McKinsey describes "data-driven enterprise" as a model where data shapes operational decisions and drives measurable results. Companies already generating 20% EBIT from AI more frequently implement mature data practices (McKinsey, 2024). Shopify emphasizes: e-commerce teams use analytics for faster decision-making, inventory optimization, and conversion improvement (Shopify, 2024).
Below is a practical guide: which KPIs to track, how to calculate them, which benchmarks to use, and how to build a KPI dashboard for store management.
Revenue and Sales Metrics
Revenue metrics show "how much" the store earns. Without them, you cannot properly evaluate marketing, catalog efficiency, or logistics.
Shopify provides conversion benchmarks for e-commerce, where average values vary and many stores see 1.4% as a baseline on the platform (Shopify, 2024). Oberlo reminds: AOV is calculated as revenue divided by order count (Oberlo, 2024).
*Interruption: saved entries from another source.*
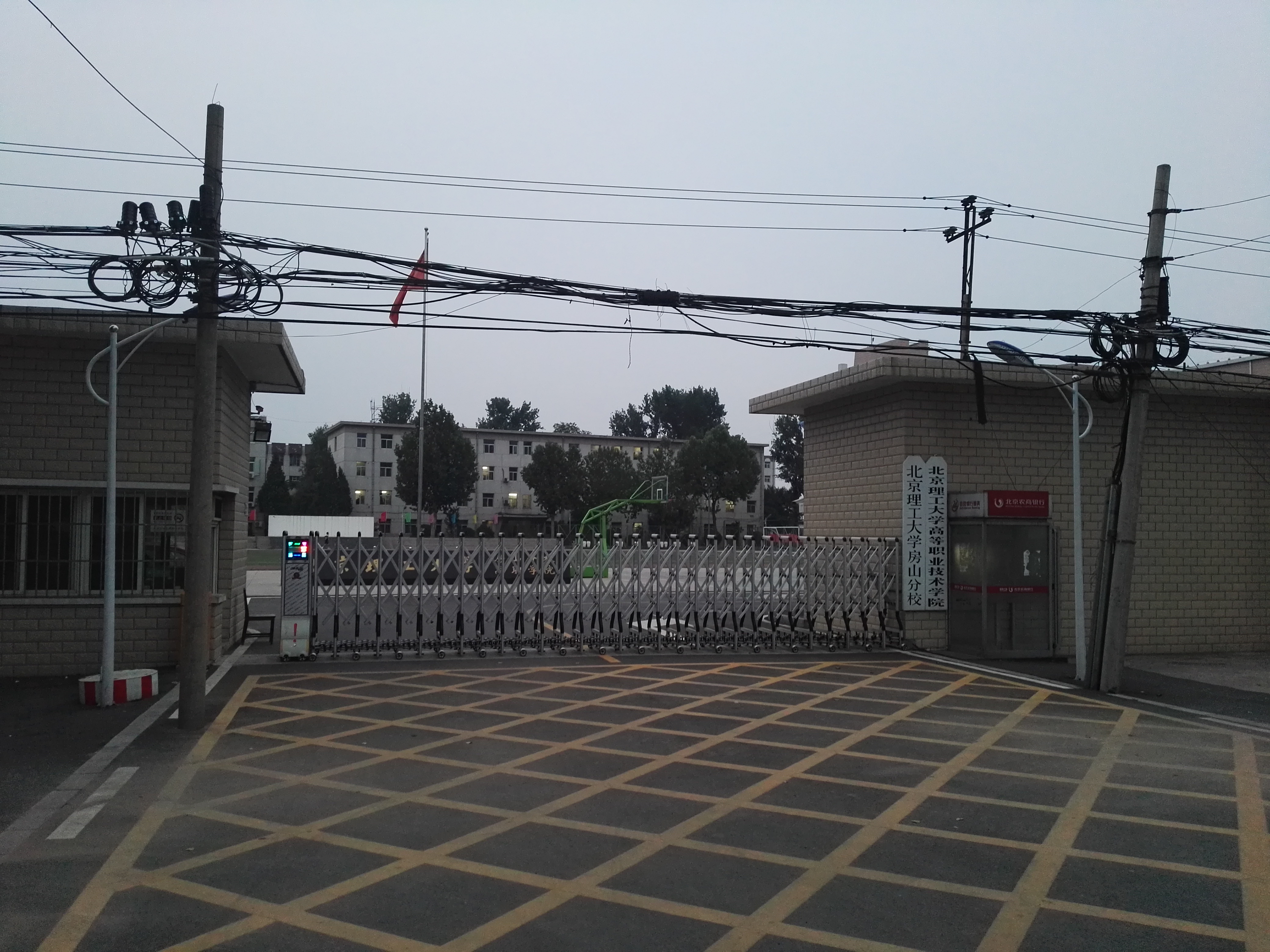 这个校区不算太大,门口就是一个操场,操场右边是综合楼,楼上还有小卖部大大的招牌。当我走进到闸门那里想拍照的时候,闸门被拉上了。好吧我知道学校的一卡通在这里不能用,不去蹭水了。
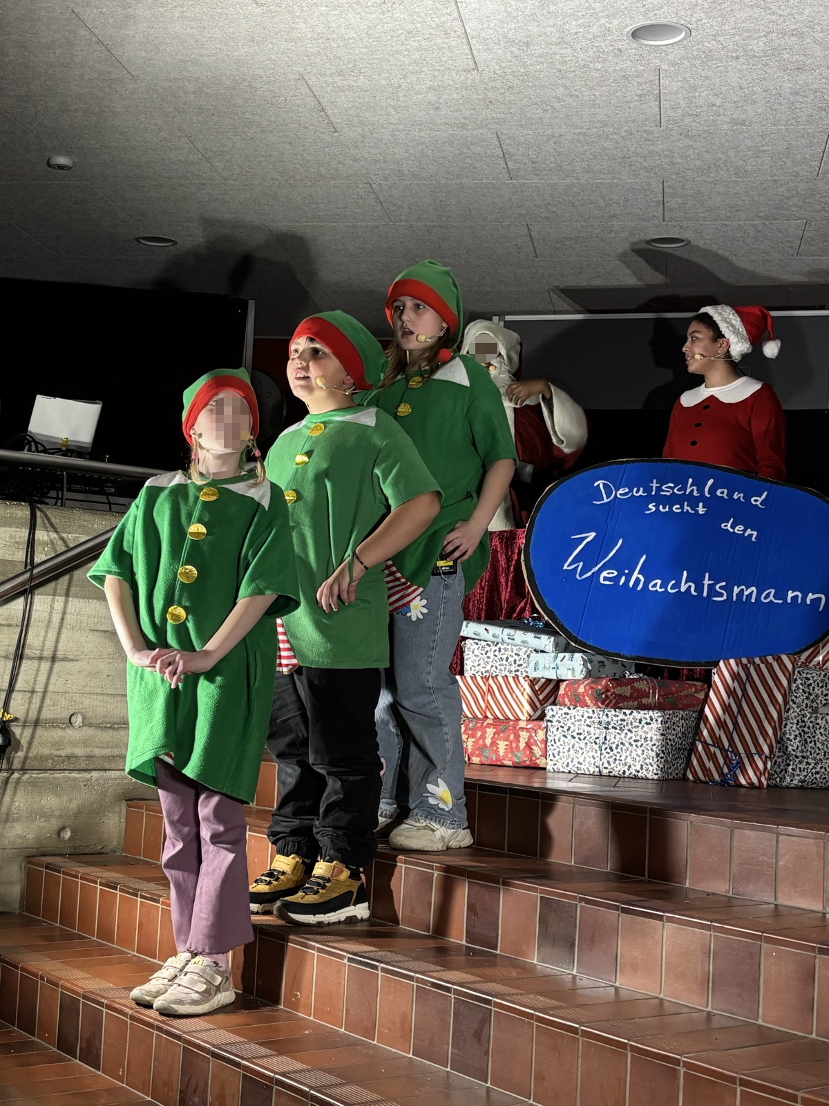 Ein besonderes Highlight des Abends war das Theaterstück „Deutschland sucht den Weihnachtsmarkt“, das von Schülerinnen und Schülern verschiedener Jahrgangsstufen mit viel Humor und Kreativität auf die Bühne gebracht wurde. Die gelungene Mischung aus Witz, Musik und schauspielerischem Talent begeisterte das Publikum und sorgte für zahlreiche Lacher.
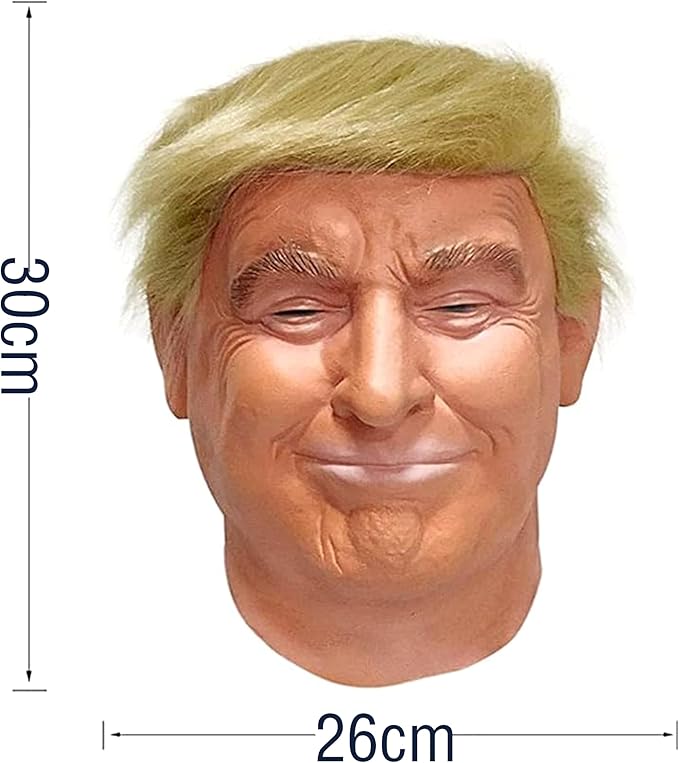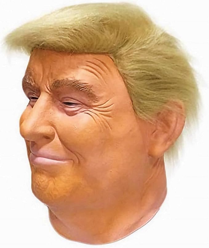 This iconic mask features a striking orange hairdo and a classic red tie, capturing the essence of a certain presidential candidate without ever mentioning his name.

Revenue Metrics, Formulas, Benchmarks:
| Metric | Purpose | Formula | Average Benchmark | Good | Excellent |
|---|---|---|---|---|---|
| GMV | Sales scale | GMV = Σ(price × quantity) | varies by niche | +10% YoY | +20% YoY |
| Revenue (Net) | Actual revenue | Revenue = GMV – discounts – returns – taxes | varies by niche | stable growth | stable growth + margin |
| AOV | Average order value | AOV = Revenue / Orders | varies by niche | +10% YoY | +20% YoY |
| Items per Order | Cart completeness | Items/Order = Items Sold / Orders | 1.2–1.8 | 1.8–2.3 | 2.3+ |
| Gross Profit | Gross profit | Gross Profit = Revenue – COGS | varies by niche | grows with Revenue | grows faster than Revenue |
| Gross Margin | Margin quality | Gross Margin = (Gross Profit / Revenue) × 100% | 30–50% | 50–65% | 65%+ |
Formulas with Examples:
AOV:
Formula:
AOV = Revenue / Orders
Example:
AOV = ($120,000 / 8,000 orders) = $15
Gross Margin:
Formula:
Gross Margin = (Gross Profit / Revenue) × 100%
Example:
Gross Margin = ($42,000 / $120,000) × 100% = 35%
Practice:
- Calculate Revenue "after returns". Returns directly cause gaps between GMV and actual revenue.
- Add Gross Margin by category. Marketing often "wins" in Revenue but loses in profit.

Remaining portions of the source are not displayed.